# VFD Issue: ABB ACH550



## erics37 (May 7, 2009)

Can you run it in Local mode from the keypad?


----------



## mollydog (Jan 9, 2009)

*Variable frequency drives*

Wow....... You are saying that there is Alternating current out-putting where direct current should be?

Two went down and all parameters are saying all is well ?

without being there maybe a PLC (programming problem)
two together, rule out PCB cards.

Can you give us more info, like how are they connected, there is power to both, what motors they serve and how they are turned on? Like from the PLC or some other device.

Don't rule out a limit switch some where. Jim


----------



## sparkywannabee (Jan 29, 2013)

Have you checked some random parameters against your parameter list to make sure a surge of some kind did not wipe parameter file clean.


----------



## John Valdes (May 17, 2007)

Zana said:


> So, peculiar case I have today. Had two ACH500s 'go down' at the same time. Thing is, the VFDs aren't reporting any sort of faults but just seem to be sitting there waiting for something. We had Siemens come by and check their BAS system, but of course the drives are still being blamed.
> 
> During some testing, I noticed the control cards seem to be outputting 5 VAC to the customer connections, even the one obviously labeled '24 VDC'. Anyone know what could cause this issue? The VFDs are powering on normally (no faults), so the circuit cards are getting the required voltage to turn on properly, but AC coming out of an obvious DC output is never a good thing.
> 
> The VFDs are ignoring the commands sent from the Siemen's control panel and won't power up the motors they're connected to.

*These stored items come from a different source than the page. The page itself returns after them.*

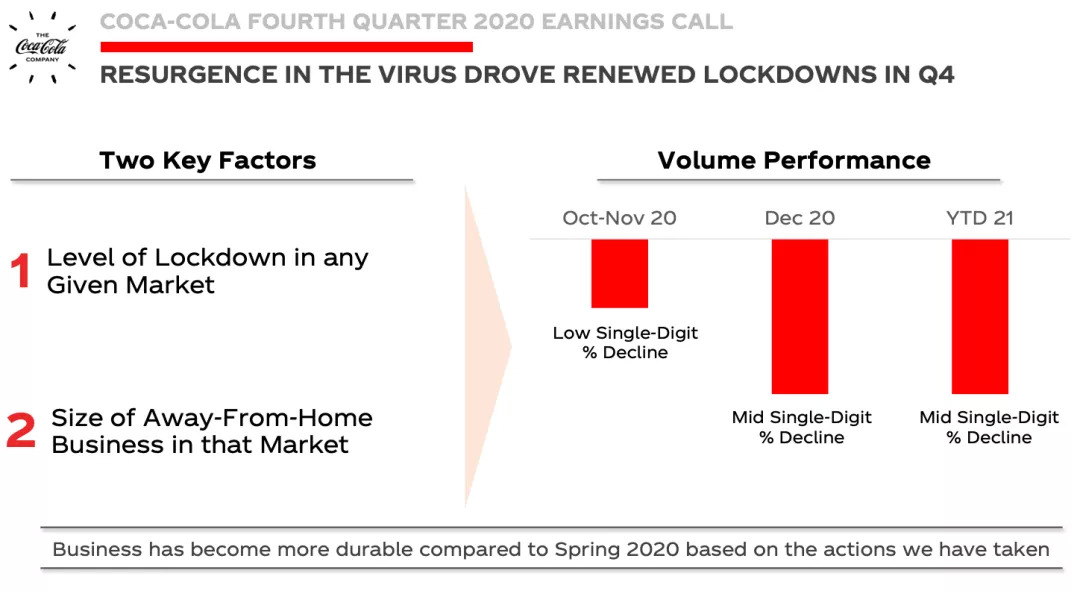 “尽管仍存在与疫情相关的不确定性,但我们对未来的复苏有了更高的能见度,并有信心我们的行动将持续减缓危机的影响。”可口可乐公司今天表示。
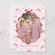 Önska familj och vänner massor av kärlek och en glad Alla hjärtans dag med en personlig och fantasifull Alla hjärtans dag-kortmall med ett familjefoto bredvid en fantasifull design med röda hjärtan, rosa ränder och röda band.
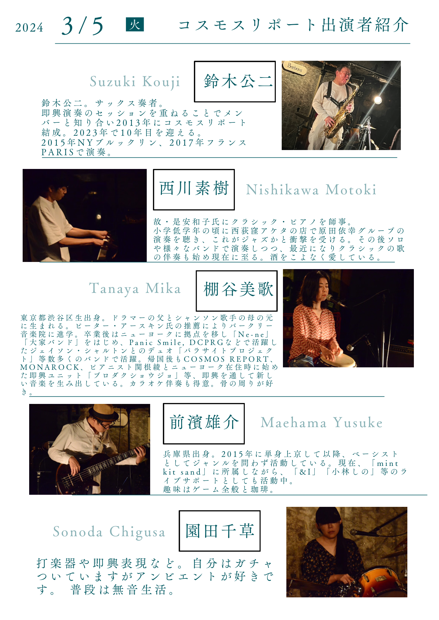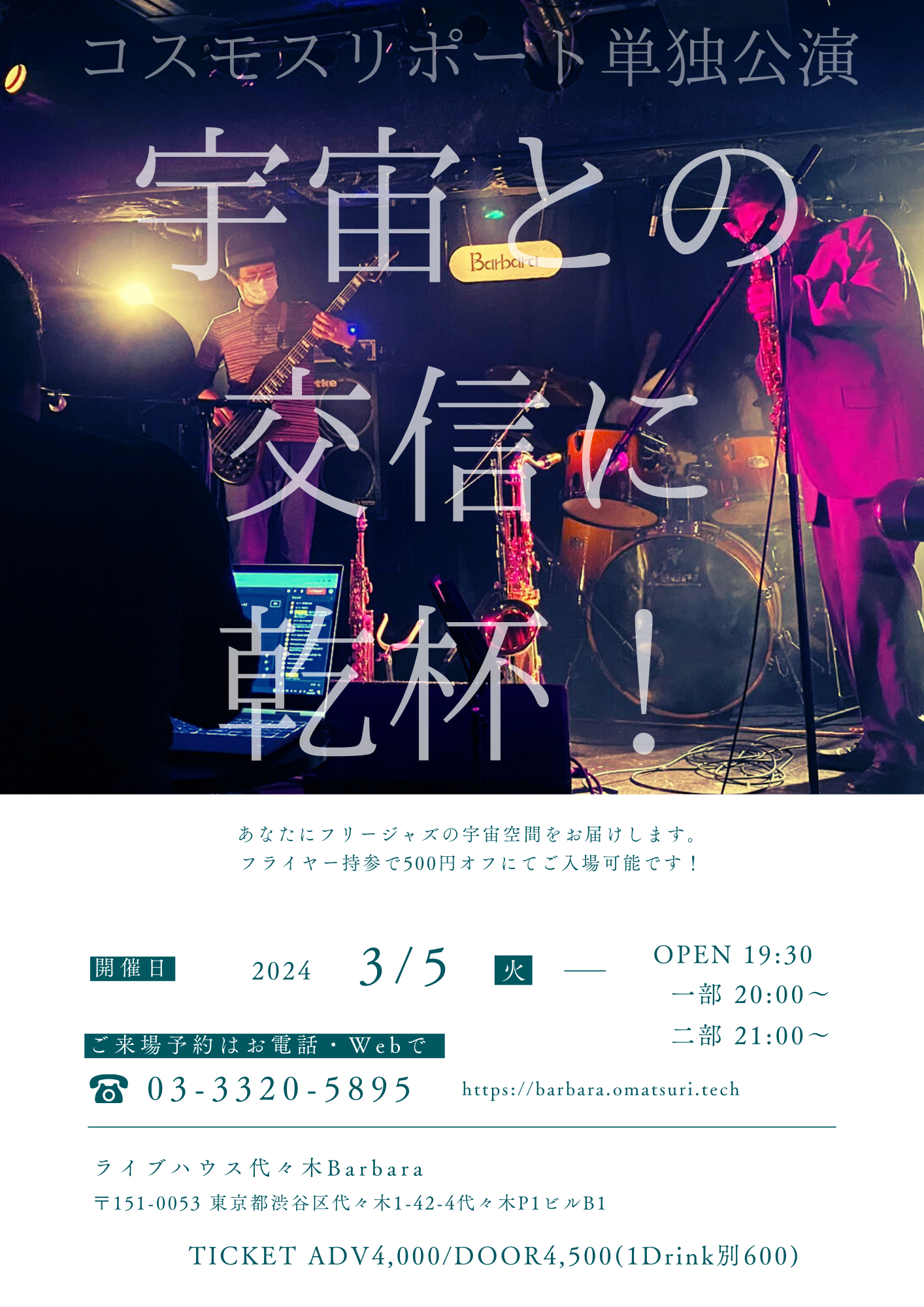 2024.03.05 コスモリポート単独公演「宇宙との交信に乾杯!vol.72」 OPEN/START 19:30/20:00 ADV/DOOR 4000/4500(1Drink600) ※フライヤー持参で500円オフ!
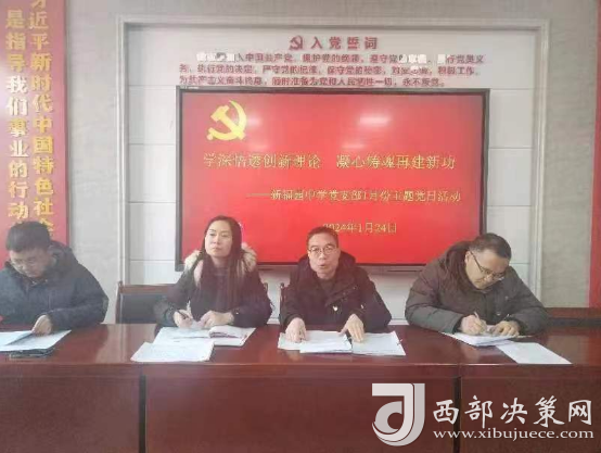 西部決策網(wǎng)訊(記者帥華鋒 張隴峰)為深入開展學(xué)習(xí)貫徹習(xí)近平新時(shí)代中國(guó)特色社會(huì)主義思想主題教育,貫徹落實(shí)黨的二十大精神,增強(qiáng)基層黨組織凝聚力和戰(zhàn)斗力,錘煉黨員黨性,凝心聚力,擔(dān)當(dāng)作為,立足崗位作貢獻(xiàn),1月24日,寶雞市金臺(tái)區(qū)新福園中學(xué)黨支部舉行主題為“學(xué)深悟透創(chuàng)新理論,凝心鑄魂再建新功”的主題黨日活動(dòng)。本次活動(dòng)由黨支部書記王鐵昌主持。校長(zhǎng)安開琴應(yīng)邀列席。
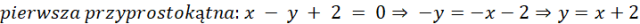 Na podstawie równania prostej, w której zawiera się jedna z przyprostokątnych trójkąta równoramiennego oraz współrzędnych jednego z jego wierzchołków wyznacz równania prostych, które tworzą dwa jego pozostałe boki.

Like Eric suggested. Will they run in local mode? If so, the drives are sitting there waiting for a command.

What command does the Siemens controller send to the drives?
Find out what type of command it is and make sure it is present when the Siemens controller is telling them to start.

Go to your parameters and see what operational mode this drive is set up for.
No fault and idle drives tell me the drive is waiting for you or the Siemens controller.


----------



## oliquir (Jan 13, 2011)

pretty sure they sent wrong voltage into the abb pcb and now pcb are gone.
try them in local mode, if it works, try them in remote but disconnect all wiring from siemens control panel and measure if 24vdc is now ok


----------



## JRaef (Mar 23, 2009)

Generally, "control boards" in a drive do not PRODUCE power, they are looking for changes to take place in a circuit, i.e. contact closures and resistance changes for inputs, or the CONTROL of external power from somewhere else, as is the case on outputs. SOMETIMES the drives will have a SMALL amount of output power available, say for driving an analog output for example. But you should NEVER try to use that to drive anything else, it will not have sufficient power to do something like, for example, turn on a DC relay coil. So if someone failed to read the manual WARNING them not to try to do that, you may have blown the power supply board. If you are lucky, maybe it just went into current limit to protect itself and has not fried.

So go back and THOROUGHLY read the manual and understand what it is you are looking at, and what the limitations are, then compare that to the BAS wiring that Siemens did. You might find that they got lazy and rather than put in their own 24VDC power supply, they tried to tap off of the on-board power supply, which cannot handle the load they are trying to draw from it.

By the way, this is a VERY common problem with HVAC guys.


----------



## JRaef (Mar 23, 2009)

A quick look at the manual shows that terminal 7 on the control card is a 24VDC supply, but is limited to 200mA maximum, basically enough to drive a couple of pilot light bulbs. There is another 24VDC supply at terminal 10 for use with the digital input devices, i.e. contact closures. That is limited to 10mA!

Also, if you are reading an AC signal on the DC input wiring, that may indicate that nobody took the requirement for shielding the input conductors seriously, and/or some are run in parallel with AC conductors instead of crossing them at right angles, so you are getting induced voltages on the inputs and confusing the heck out of the VFD, if not damaging it.


----------